At Sugar, they’ve used an embedded iPaaS to help further optimize this effort, as workflow designs can be replicated across integrations, resulting in a much lighter work effort to cater towards the app specific requirements. However, the devil can be in the details here.
Limits to templating
While a significant part of the business logic that goes into integrations of the same category can be re-used, the last 10% of customization can often still be a challenge.
Not all 3rd party APIs are designed to the same calibre which can lead to certain limitations in endpoints, and you will also want to build towards the strengths and differentiating factors of each app. Doing so successfully ultimately requires you to engage subject matter experts that know the ins and outs of the 3rd party app.
Subject matter expertise
Beyond the app specific knowledge, you may be building integrations for cross-functional teammates of your core user base. While this can unlock new use cases and expansion revenue, but it inherently is not an audience your team will be as familiar with.
Check out this article to see how to overcome those challenges, but often times partnering with the 3rd party app (for which that audience is the primary ICP) can be a shortcut to the heavy lifting of research.
This brings us to the next point of building an API for 3rd parties and partners to build integrations against.
APIs for Integrations
“It’s not true that if you build an API, they will come. Just building an API isn’t enough.”
Not only do you have to build a set of exemplar integrations that other companies can refer to, you need to design an API that is flexible enough to support many use cases.
Within the context of integrations, Matt says there are 3 things that your API must support.
Data integration
Used to pull data in and out of your platform (enabled through RESTAPI)
Process automation
Used to integrate with your customers’ critical business processes and workflows (supported by webhooks)
UI integration
Used to provide a more seamless experience for your users all in one view (may need iFrames or Javascript SDKs)
Side note - regardless of where you are in your journey of building an API for your app, here’s the one piece of advice Matt emphasized.
“If you’re building an API, please version it. It’s important to build discipline around it early on, because every decision you make today, you may need to change in the future.”
In Sugar’s case, overlooking this aspect of API development has made getting rid of old APIs and extension points nearly impossible.
Partnership led integrations
Once you’ve hit product-market fit, it may make sense to begin building invest in partnerships with 3rd party apps that you want to integrate with.

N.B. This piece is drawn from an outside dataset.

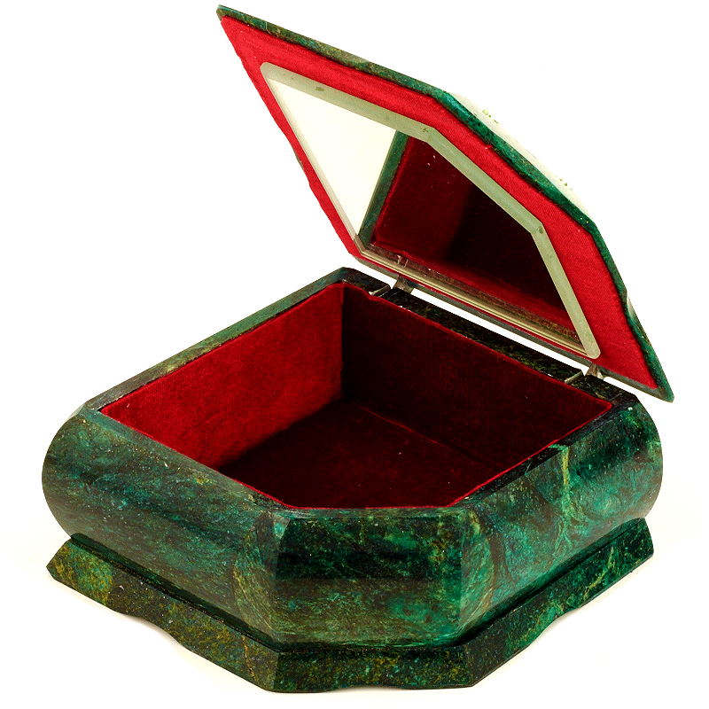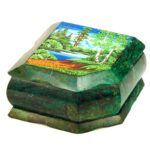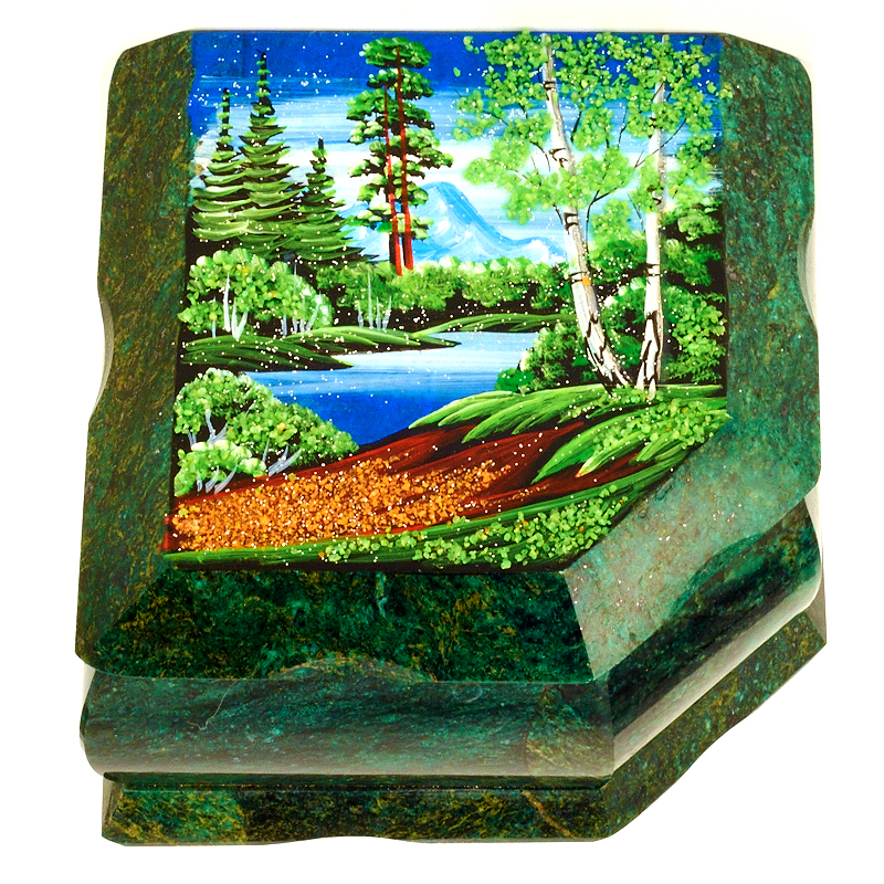 Шкатулка "Две березы", камень змеевик, 11,5 см

This enables a whole slew of benefits, including co-marketing, cross-pollination of users, synergistic value creation, and in the context of this article, access to subject matter experts from the 3rd party app’s company.
While the onus of building may still fall on your engineering team depending on the terms of the partnership, having the support from both sides in both the go to market and technical needs will enable you to build much more robust integrations.